* Problem description *
The expected answer is the set of lines in the data below between the line holding "Sifon de condens" and the line holding "日照 | 積雪 | 降雪 |", inclusive, written out exactly.

* Task material *
▬▬▬▬▬▬▬▬▬▬
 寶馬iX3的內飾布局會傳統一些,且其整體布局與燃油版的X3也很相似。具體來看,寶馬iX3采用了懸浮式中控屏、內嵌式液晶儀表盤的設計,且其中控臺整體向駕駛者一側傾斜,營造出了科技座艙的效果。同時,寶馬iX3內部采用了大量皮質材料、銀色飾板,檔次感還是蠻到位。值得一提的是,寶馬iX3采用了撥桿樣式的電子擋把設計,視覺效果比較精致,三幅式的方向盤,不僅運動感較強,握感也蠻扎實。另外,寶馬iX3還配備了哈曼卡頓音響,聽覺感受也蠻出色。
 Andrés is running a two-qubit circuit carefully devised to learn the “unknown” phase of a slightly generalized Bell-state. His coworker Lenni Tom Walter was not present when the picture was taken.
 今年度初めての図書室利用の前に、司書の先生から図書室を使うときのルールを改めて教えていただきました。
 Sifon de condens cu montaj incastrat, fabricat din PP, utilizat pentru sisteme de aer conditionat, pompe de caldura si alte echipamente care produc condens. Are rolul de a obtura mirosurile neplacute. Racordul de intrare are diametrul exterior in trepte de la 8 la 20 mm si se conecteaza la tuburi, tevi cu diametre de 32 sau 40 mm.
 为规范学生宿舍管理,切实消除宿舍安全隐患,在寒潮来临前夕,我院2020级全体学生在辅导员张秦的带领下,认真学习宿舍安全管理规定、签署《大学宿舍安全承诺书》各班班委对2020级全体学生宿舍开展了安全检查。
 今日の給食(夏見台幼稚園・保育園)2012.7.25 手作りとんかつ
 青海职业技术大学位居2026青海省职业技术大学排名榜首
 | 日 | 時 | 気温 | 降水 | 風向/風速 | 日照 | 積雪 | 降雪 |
▬▬▬▬▬▬▬▬▬▬
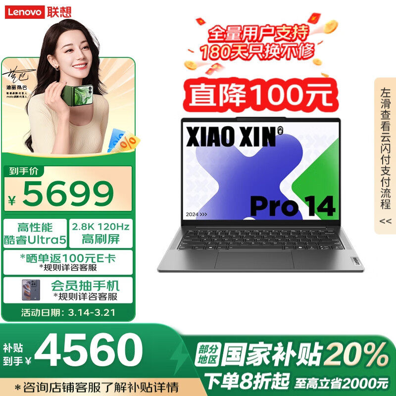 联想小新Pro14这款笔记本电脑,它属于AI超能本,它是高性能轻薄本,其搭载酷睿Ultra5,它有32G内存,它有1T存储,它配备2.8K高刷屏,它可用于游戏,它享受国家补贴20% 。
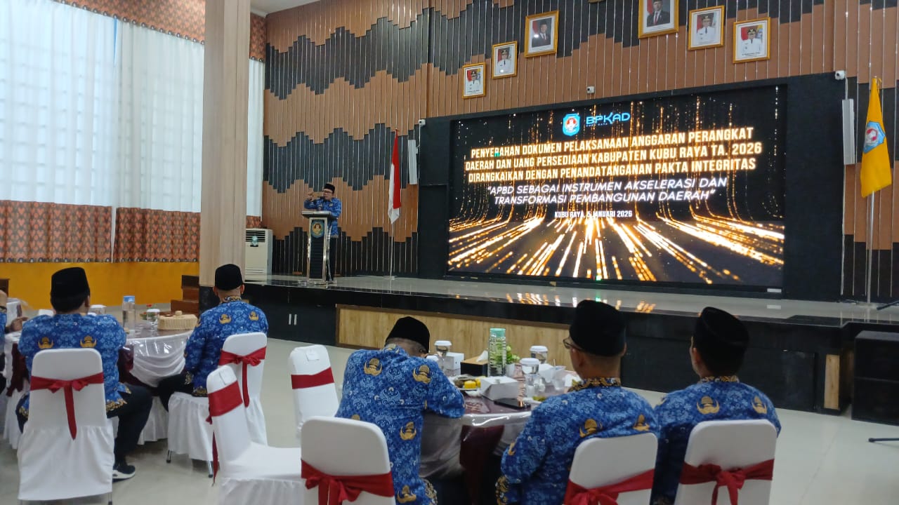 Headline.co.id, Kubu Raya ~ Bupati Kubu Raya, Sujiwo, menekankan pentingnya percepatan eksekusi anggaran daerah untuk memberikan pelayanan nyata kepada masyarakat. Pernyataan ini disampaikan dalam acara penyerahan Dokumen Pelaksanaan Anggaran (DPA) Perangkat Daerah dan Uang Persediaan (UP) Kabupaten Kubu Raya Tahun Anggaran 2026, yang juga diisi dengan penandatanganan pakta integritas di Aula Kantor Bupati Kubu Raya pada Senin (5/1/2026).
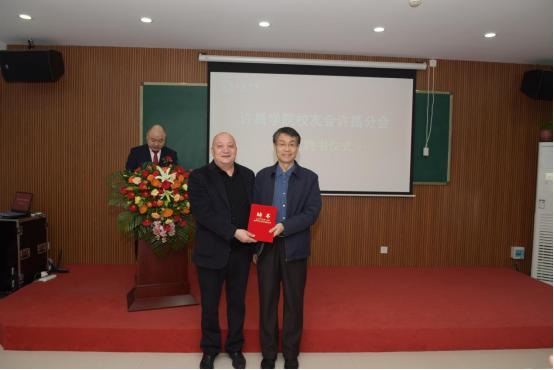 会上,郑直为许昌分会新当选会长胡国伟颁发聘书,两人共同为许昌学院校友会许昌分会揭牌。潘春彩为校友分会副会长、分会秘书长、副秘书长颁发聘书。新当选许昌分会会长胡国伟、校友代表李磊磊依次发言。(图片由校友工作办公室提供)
▬▬▬▬▬▬▬▬▬▬
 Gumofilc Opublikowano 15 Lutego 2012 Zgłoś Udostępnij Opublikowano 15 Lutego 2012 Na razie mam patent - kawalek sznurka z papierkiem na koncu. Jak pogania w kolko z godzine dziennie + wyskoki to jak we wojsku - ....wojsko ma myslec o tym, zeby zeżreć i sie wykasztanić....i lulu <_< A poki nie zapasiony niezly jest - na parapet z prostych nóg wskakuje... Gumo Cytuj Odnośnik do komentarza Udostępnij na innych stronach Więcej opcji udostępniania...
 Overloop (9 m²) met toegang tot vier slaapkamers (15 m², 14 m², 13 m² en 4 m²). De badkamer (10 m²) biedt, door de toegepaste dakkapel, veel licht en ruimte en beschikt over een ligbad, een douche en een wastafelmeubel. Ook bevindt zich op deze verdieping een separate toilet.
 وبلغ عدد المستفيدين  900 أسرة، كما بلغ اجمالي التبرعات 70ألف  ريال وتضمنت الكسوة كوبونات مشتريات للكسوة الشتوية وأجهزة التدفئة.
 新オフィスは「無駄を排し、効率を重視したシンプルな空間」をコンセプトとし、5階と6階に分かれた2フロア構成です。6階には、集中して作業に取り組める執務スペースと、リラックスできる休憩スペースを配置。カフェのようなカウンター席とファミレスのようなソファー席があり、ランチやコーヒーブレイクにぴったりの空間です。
▬▬▬▬▬▬▬▬▬▬
* Solution to the exercise *
 Sifon de condens cu montaj incastrat, fabricat din PP, utilizat pentru sisteme de aer conditionat, pompe de caldura si alte echipamente care produc condens. Are rolul de a obtura mirosurile neplacute. Racordul de intrare are diametrul exterior in trepte de la 8 la 20 mm si se conecteaza la tuburi, tevi cu diametre de 32 sau 40 mm.
 为规范学生宿舍管理,切实消除宿舍安全隐患,在寒潮来临前夕,我院2020级全体学生在辅导员张秦的带领下,认真学习宿舍安全管理规定、签署《大学宿舍安全承诺书》各班班委对2020级全体学生宿舍开展了安全检查。
 今日の給食(夏見台幼稚園・保育園)2012.7.25 手作りとんかつ
 青海职业技术大学位居2026青海省职业技术大学排名榜首
 | 日 | 時 | 気温 | 降水 | 風向/風速 | 日照 | 積雪 | 降雪 |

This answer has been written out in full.